Agentic Validation Guardrails
AI extraction at this scale inevitably produces errors, hallucinated identifiers, misclassified attributes, and false matches where a product line name resembles a valid attribute value. We implemented agentic validation layers that cross-check extracted attributes against known reference databases, flag low-confidence extractions for manual review, and verify that the identified attribute combinations correspond to real, valid entities. Products that cannot be attributed with sufficient confidence are excluded from the output rather than allowed to introduce errors into the faceting system. This guardrail architecture is what makes the difference between a bulk AI output with unpredictable quality and a production-grade dataset suitable for import.
Product Type Classification
Before attribute extraction, the system classifies products within a category into their correct types based on name analysis and product characteristics. This enables type-specific processing, different product types exhibit different naming patterns and require different attribute structures and supports the creation of parallel faceted navigation hierarchies where needed. In practice, this also resolves strategic category architecture questions: which types should be grouped together and which warrant separate faceting structures.
Import-Ready Output Format
The final output is a structured document ready for direct import into the eCommerce backend, each row containing the product URL, product name, SKU, and the relevant normalized attribute facets. No intermediate transformation or manual formatting is required between the pipeline output and the Magento import, eliminating friction from every batch.
Scalable Across the Catalog
The system was designed not as a one-time data cleanup for a single category but as a reusable pipeline. The core extraction, validation, and normalization architecture remains consistent across categories, while the reference catalogs, normalization rules, and attribute taxonomies are reconfigured per category. This means faceted navigation expansion no longer depends on complete ERP data as a prerequisite. Any category with an attribute gap can be processed through the pipeline and brought into the faceting system.
Results
- Scalable Attribution System What was previously a manual, category-by-category data problem now has a repeatable, AI-driven solution that can be applied across ePlaneta's 2,000+ category catalog, processing new categories and ongoing inventory additions without manual research.

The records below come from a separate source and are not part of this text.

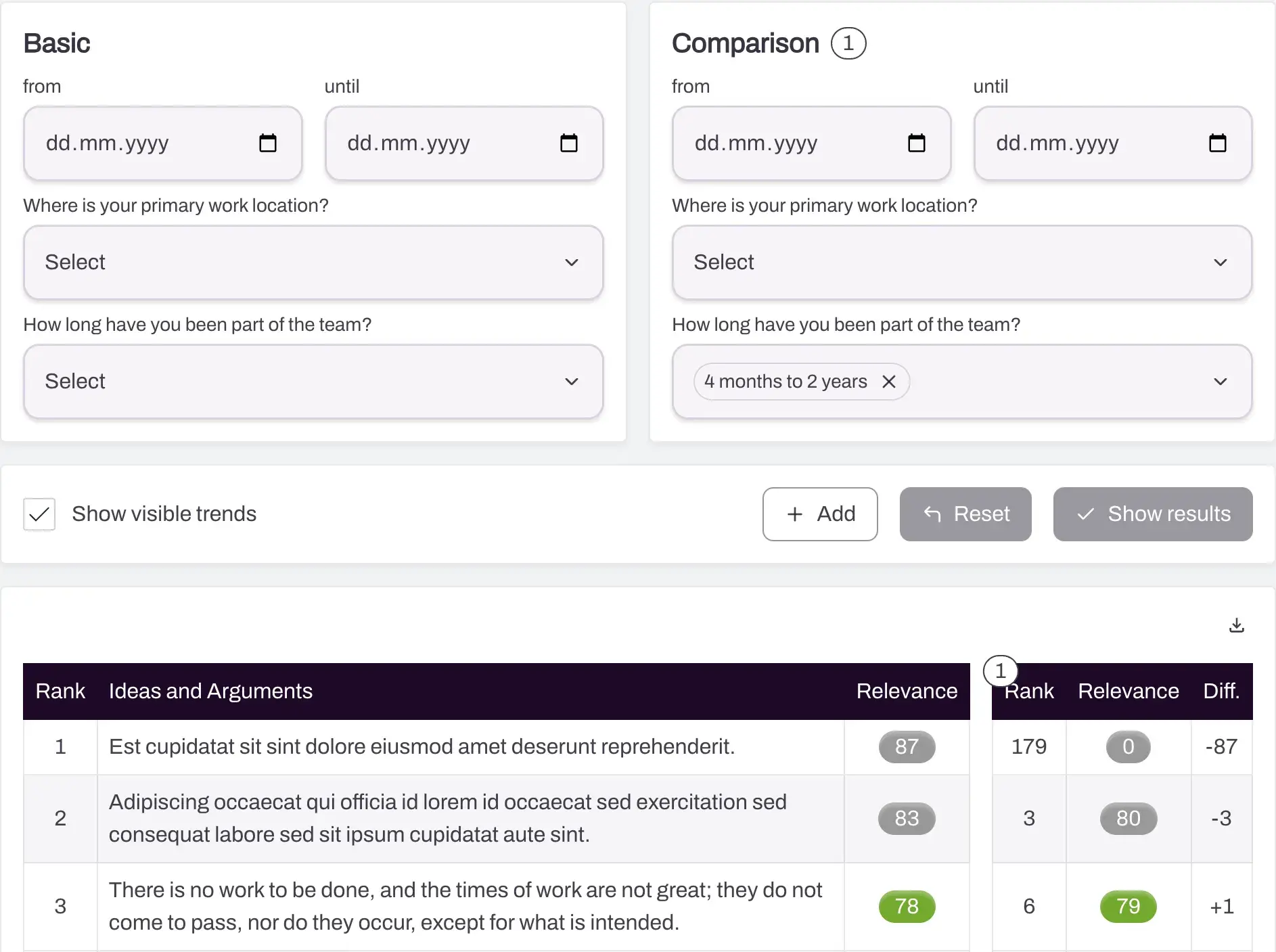 Compare departments, regions, or custom criteria – in one click. You immediately see where consensus holds and where factions diverge.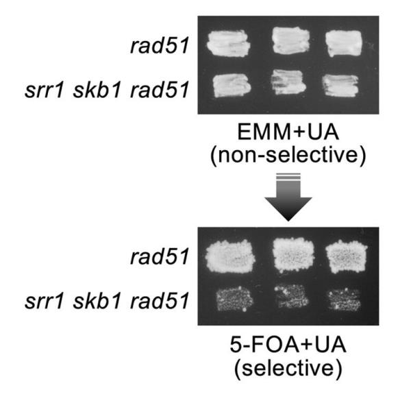 研究人员随后在缺乏Rad51的酵母中删除了Srr1和Skb1基因,并评估了GCR的发生。缺乏Srr1和Skb1的细胞表现出GCR率降低;缺乏这两种基因的细胞表现出更低的GCR率。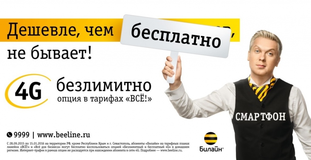 ПАО «ВымпелКом» (бренд «Билайн») запускает акцию «Безлимитный и бесплатный 4G» на тарифах популярной линейки «Всё!» и «Всё для бизнеса». Предложение действительно для всех владельцев смартфонов в городах присутствия 4G/LTE «Билайн» в России.

- Hundreds of New Subcategory Pages Each processed category generates a structured set of faceted subcategories that immediately become targetable for long-tail SEO, while simultaneously solving the browsing and discoverability problems created by oversized, unfiltered category pages.
- Faceted Navigation Unblocked at Scale The dependency that had limited faceting to categories with clean ERP data has been removed. The system now enables faceted navigation for any category in the catalog, regardless of the state of supplier-provided data.